# peeing RIGHT outside the box



## marie73 (Jul 12, 2006)

This morning, there was some pee in the twins' room on the litter box mat - and it's only where they had spilled some litter out - so really I'm hoping it's *only *because of that!  They had peed inside the box, too, so that's a good sign (right?).


----------



## AddFran (Jul 10, 2004)

If it's the first time this has happened, I wouldn't worry too much. I've had this problem too. Mine started doing it more often, so I removed the mat in front of the box and then they stopped. If they do it again, try taking the littermat away. It's nice to have it there, but if they are peeing ON it, you're better off without it.


----------



## marie73 (Jul 12, 2006)

Okay, thanks.


----------



## horseplaypen (Apr 1, 2004)

That happened to me too as my cats were growing up. I caught Ariel doing it once and she was actually in her litterbox when it happened, but her butt was just an inch over the edge. She actually looked really surprised when she turned around to cover up her pee and couldn't find it. :roll: My theory is that they just sort of outgrew their box - or they had a really poor sense of where their body was in space. After a couple of weeks they stopped peeing over the edge, but I bought them a bigger box anyway.


----------



## marie73 (Jul 12, 2006)

It's a BIG covered litter box. I'm hoping it's just a one-time thing - that maybe it was because of the litter scattered outside. If they would stop their death cage fights in the litter box, it would help. :roll: I keep reminding them that they're *girls*!

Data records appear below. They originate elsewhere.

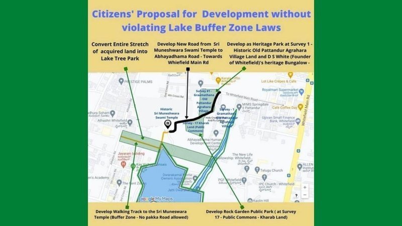 Citizen’s Proposal for Development of the entire area, to meet the connectivity needs to Sri Muneshwara Swamy temple, but also to develop the entire area’s Public Commons and Kharab Lands as Public Parks to provide lung space and sustainable Development for the area.
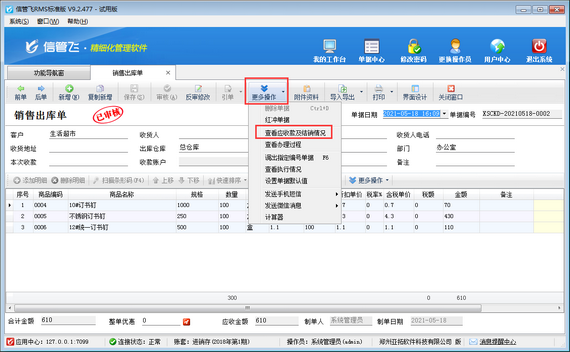 ????需要修改這筆收款結(jié)算單,可點擊工具欄的“更多操作”下的查看相關(guān)單據(jù)(此項只有開單輸入收款金額才會顯示),彈出到銷售開單界面,在銷售單界面點擊“反審修改”按鈕可以修改本次收款金額,如下圖所示:
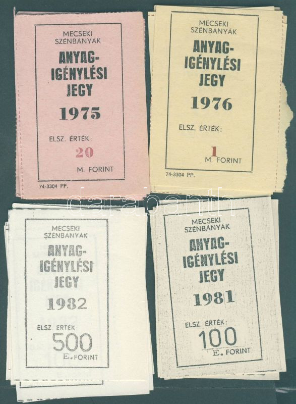 "Mecseki Szénbányák" anyagigénylési jegyek: 1975. 1M Ft, 5M Ft, 10M Ft, 20M Ft + 1976. 1M Ft, 2M Ft, 5M Ft, 50M Ft, 100M Ft + 1981. 1,2,5,10,20,50,100,500E Ft + 1982. 1,2,5,10,20,50,100,500E Ft T:I

It's an adventure every day going home to see what's happened while I'm at work. 8O


----------



## Kittys Mom (May 7, 2004)

marie73 said:


> It's an adventure every day going home to see what's happened while I'm at work. 8O


I just told my mom yesterday that sometimes, I like to delay going home from work because as long as I haven't arrived there to see with my own eyes what's occurred, I can imagine that they are all being as good as gold...cuddled together sleeping, cleaning each other, playing happily with THEIR TOYS and not getting into anything.

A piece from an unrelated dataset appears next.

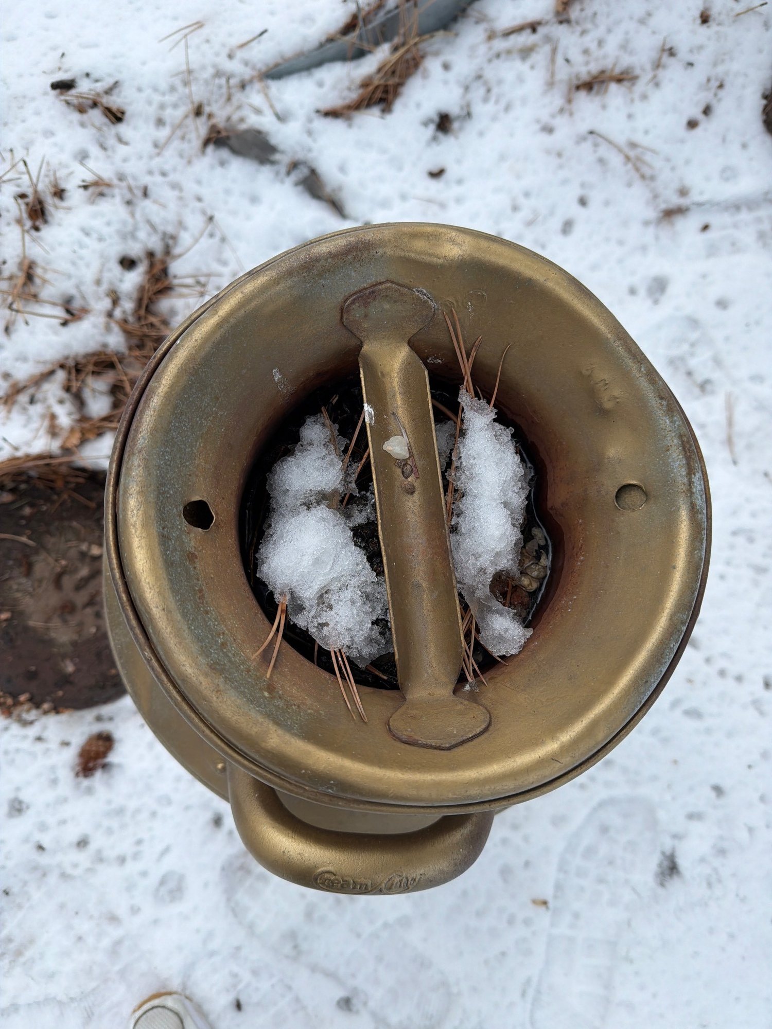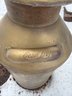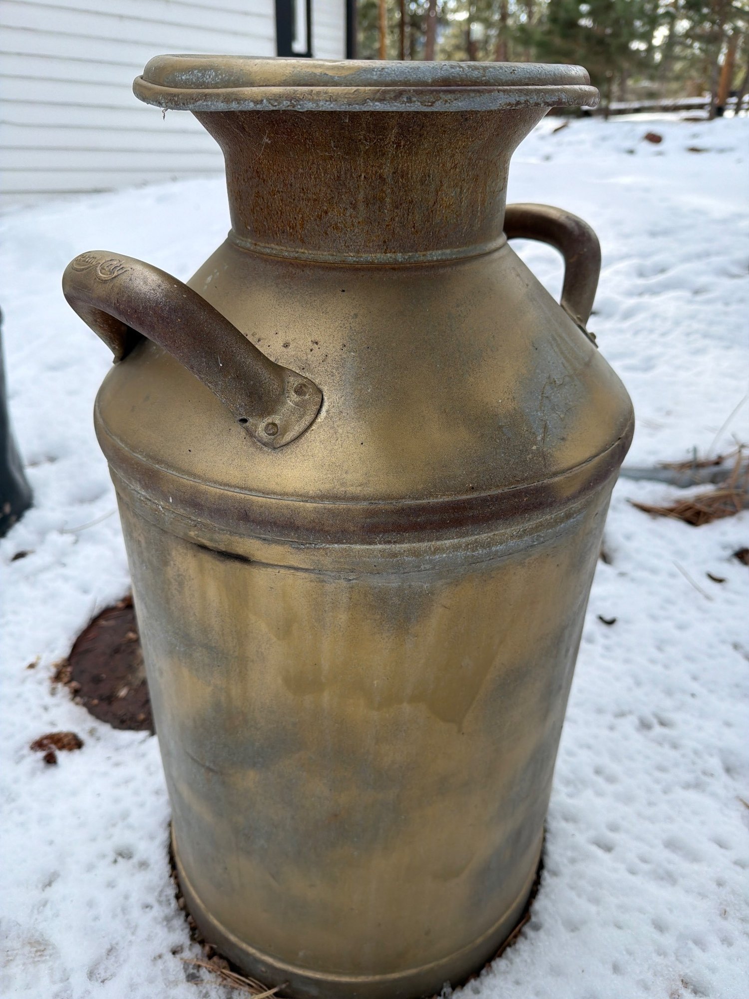 Cream City milk can featuring a brass-tone finish and embossed branding on the handle. Designed with two sturdy side handles and a top opening with a central bar. The finish shows signs of weathering consistent with outdoor exposure. Dimensions: approximately 22 inches in height and 12 inches in diameter.

My reality never matches my fantasy. :roll:


----------



## marie73 (Jul 12, 2006)

Neither does mine!


----------



## coaster (Dec 1, 2004)

marie73 said:


> It's an adventure every day going home to see what's happened while I'm at work. 8O


If you stayed home you'd find they did all their mischief in the first 10 minutes after you left and spent the rest of the day sleeping. :lol:


----------



## marie73 (Jul 12, 2006)

I believe it - I wake all four up every day when I get home. :roll:


----------



## Frostine (Jun 4, 2007)

This happened with Muffin once too. She had scratched a little pile of litter onto the floor in front of the box, then the next time she went on the pile instead of in the box. Only happened once.


----------



## marie73 (Jul 12, 2006)

Got home - everything seems to be just fine. (fingers crossed)


----------



## Nini (May 6, 2007)

Great news!  

Hope the little munchkins don't miss the box again... and that they will eventually stop fighting INSIDE the litterbox :lol: 

_Think outside the box, kitties!_


----------



## Littlemin (Nov 13, 2007)

I am having this problem with Lexi. She been doing it for a while though. I think ive figured out the problem. My male cat Zaius bullies her & ive caught him trapping her in the cat box which is covered. I think in her case shes afraid to go in the box #1 she smells Zaius #2 shes afraid he wont let her back out. I ordered one of those littermaids I know there a mixed reviews but im hoping it will help with both situations. Im keeping my fingers crossed because if it works theres hope for me to get another area rug for my living. She was also peeing there & since I threw it out she been doing it in front of the box only.


----------



## coaster (Dec 1, 2004)

Littlemin - I think if you can put another litterbox in a different location, that would solve your problem.


----------



## Littlemin (Nov 13, 2007)

coaster said:


> Littlemin - I think if you can put another litterbox in a different location, that would solve your problem.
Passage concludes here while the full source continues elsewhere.